And by the time they emerged from their dark, dank hiding place, they were surprised to learn they were approaching Canada.
Those scant details emerged as testimony at Immigration and Refugee Board hearings Friday, a day after Canadian authorities raided a ship and arrested the men inside.
"I got on a boat, I didn't even know where it was going," one young man explained through an Arab-French interpreter. "I thought the ship was going to Spain or Italy."
Most of the nine people nabbed at the Port of Montreal immediately applied for refugee status; they were all ordered detained while customs officials tried to confirm their identities.
While such hearings before the Immigration and Refugee Board are normally held behind closed doors, a commissioner hearing the cases accepted a request from journalists to report the details on the condition that they not name the claimants.
Seven of stowaways appeared before the board Friday.
Among those who testified were two young men who explained that they spent nearly a week hidden in a shipping container aboard the Swiss-owned MSC Lugano.

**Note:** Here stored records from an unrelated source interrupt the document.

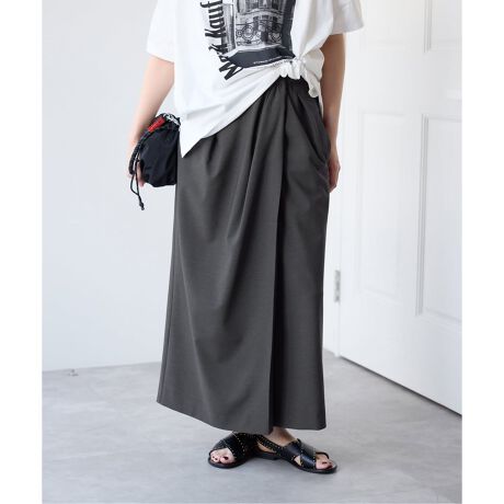 アシンメトリーなフロントデザインが目を引く、Iラインシルエットのロングスカート。
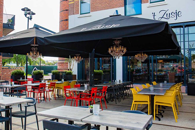 Een horeca parasol systeem is onmisbaar op jouw heerlijke horeca terras. Met een parasol ben je voorzien van schaduwrijke plekken voor de gasten én het zorgt voor herkenbaarheid waardoor je horeca terras er meteen tussenuit springt!
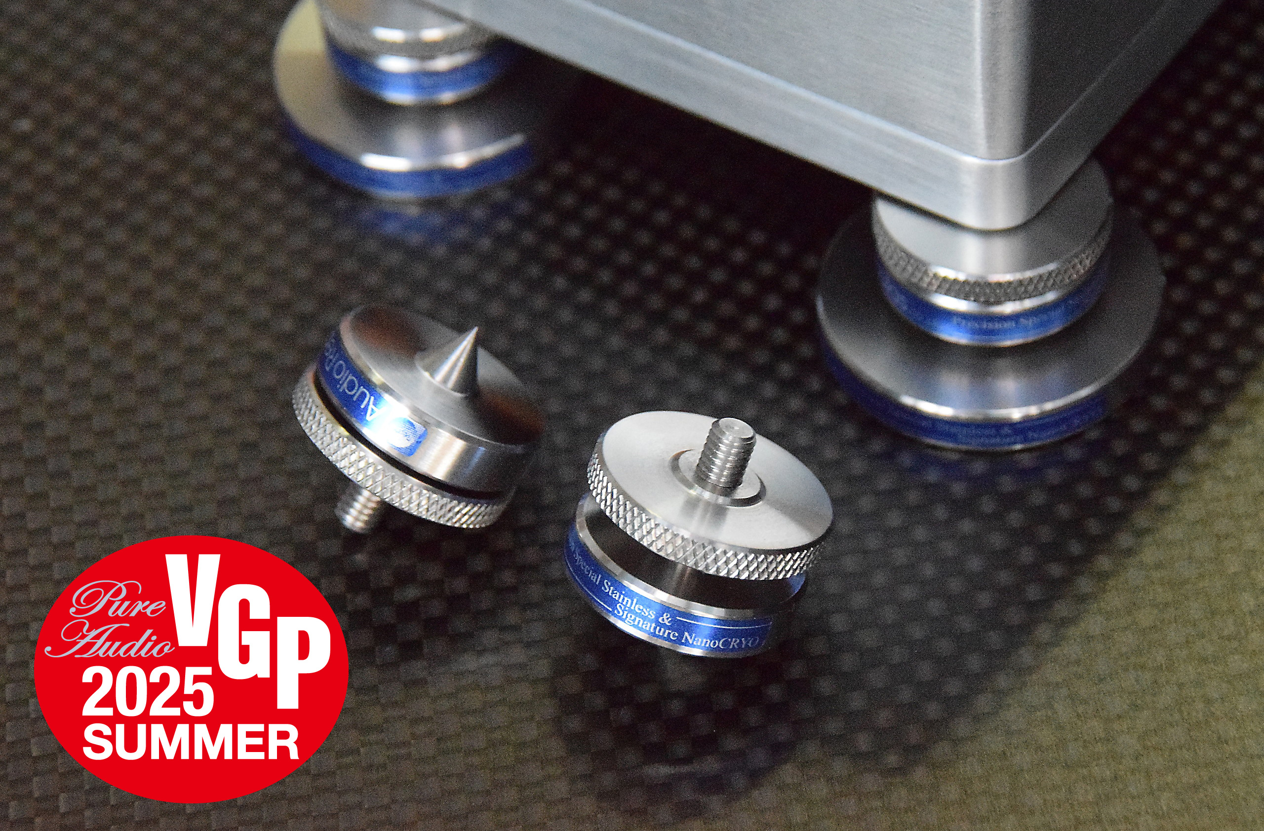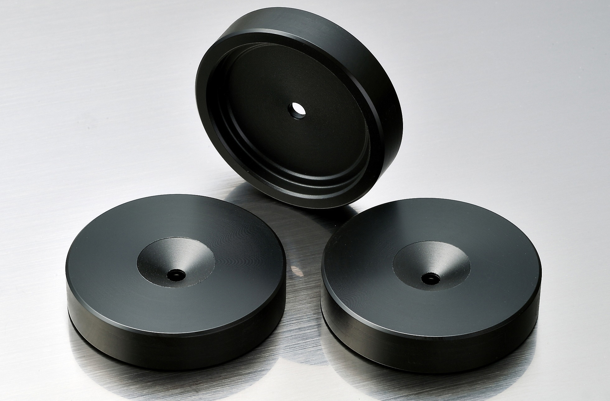 削りだし特殊ステンレスと、特殊な物性処理などを行うことで、ステンレス独特の音調を排除し音速を各周波数帯域ごとに均一化することに成功。スパイク受けとしての傷防止だけでなく、音質に非常に重要な箇所でスピード感溢れるハイエンドなサウンドを実現できます。

They had no official papers with them. They said they snuck onto the ship and didn't receive any help from anyone. They insisted they had no idea where they were going.
They said they simply assumed they'd be headed somewhere in Europe when they boarded in Casablanca, Morocco.
Canadian border officials learned, in interviews with the men, that the group had spent about four days hatching their plan before hopping aboard the cargo ship.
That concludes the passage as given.